Some people eat, sleep and chew gum, I do genealogy and write...

Tuesday, September 27, 2011

Copyright Claim vs. Copyright Reality

 From the Arts & Humanities Research Council, Primary Sources on Copyright (1450-1900).

A recent comment to my post about U.S. Copyright law's Fair Use Doctrine, raises an ongoing issue, the continuing attempt by individuals and companies to claim a copyright interest where none exists. I do not want to get into a fight over whether or not any particular genealogical database supplier has a "copyright" claim to the content of their website, but there are a number of very large and some very prestigious genealogical institutions both for-profit and non-profit educational, that claim copyright protection for documents that a clearly not subject to any arguable copyright. For that reason, I will refrain from giving concrete examples and I will not refer to any institution by name.

In one case, a non-profit institution claimed a copyright interest in a photograph. If the photograph was as represented, then the image was made in the early 1840s. President Abraham Lincoln signed an act on March 3, 1865 adding photographs and negatives to the protected works under the Copyright Act Amendment. See Circular 1a, Copyright Office Publication. I have reproduced the original report of the Act above. There is no question that the Amended Act was prospective, so that a photo made in the 1840s was not covered by the Act and would clearly be in the public domain. Even when the 1865 Act was enacted, the provisions of the Act required the copyright claimant to transmit a copy of the photograph to the Library of Congress. If the claimant failed to deposit the required copy, the Librarian of Congress had to make a demand for the delivery of the copy and if the copy was not forthcoming, there was no copyright protection.

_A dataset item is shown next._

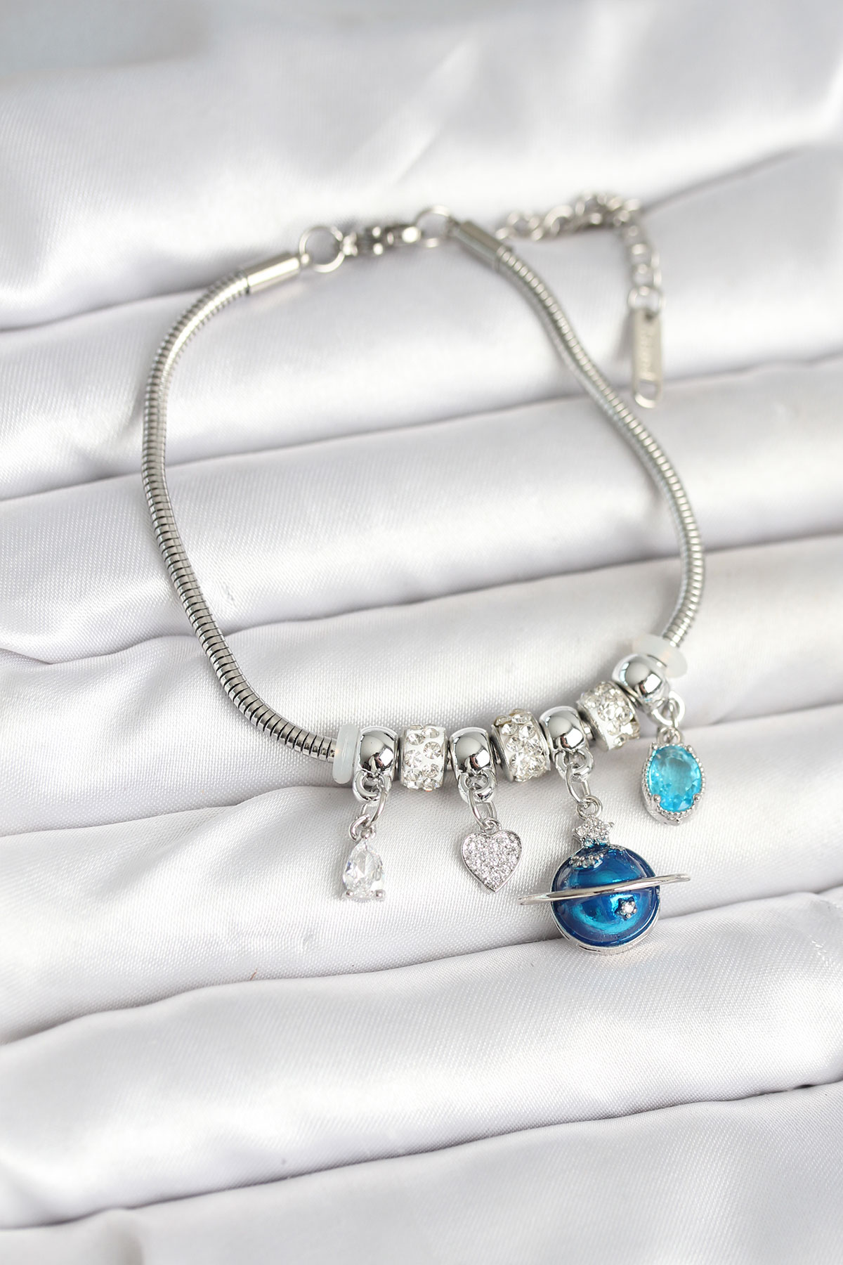 Pirinç Gümüş Renk Dünya Charmlı Kadın Bileklik BB7988

So, for photographs in order to have ever claimed protection you had to be able to find a copy of the photograph in the Library of Congress. In addition, there is the question of the duration of the copyright had there been a copyright at all.

The photograph in question was also in public domain because all copyright protection has expired for any and all documents (works) published before 1923. See Cornell University, Resources, Copyright Term and the Public Domain in the United States, 1 January 2011.

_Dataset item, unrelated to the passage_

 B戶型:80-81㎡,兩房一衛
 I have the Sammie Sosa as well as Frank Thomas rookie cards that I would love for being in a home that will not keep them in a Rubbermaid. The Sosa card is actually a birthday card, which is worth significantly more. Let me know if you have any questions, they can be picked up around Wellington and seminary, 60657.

So the question is whether or not anyone can acquire a copyright to a document in the public domain by either copying the document or incorporating it into some kind of database? No. If for any reason you need case law on the subject, please let me know. I have extensively briefed this issue and there are no cases upholding a copyright to a document that is clearly in the public domain. Did the filing of litigation by the claimant to the 1840s photograph have any effect. Yes, the company using the photograph was forces out of business because of the expense of the litigation. As I have said before, a clear case of might makes right even when the might is clearly wrong.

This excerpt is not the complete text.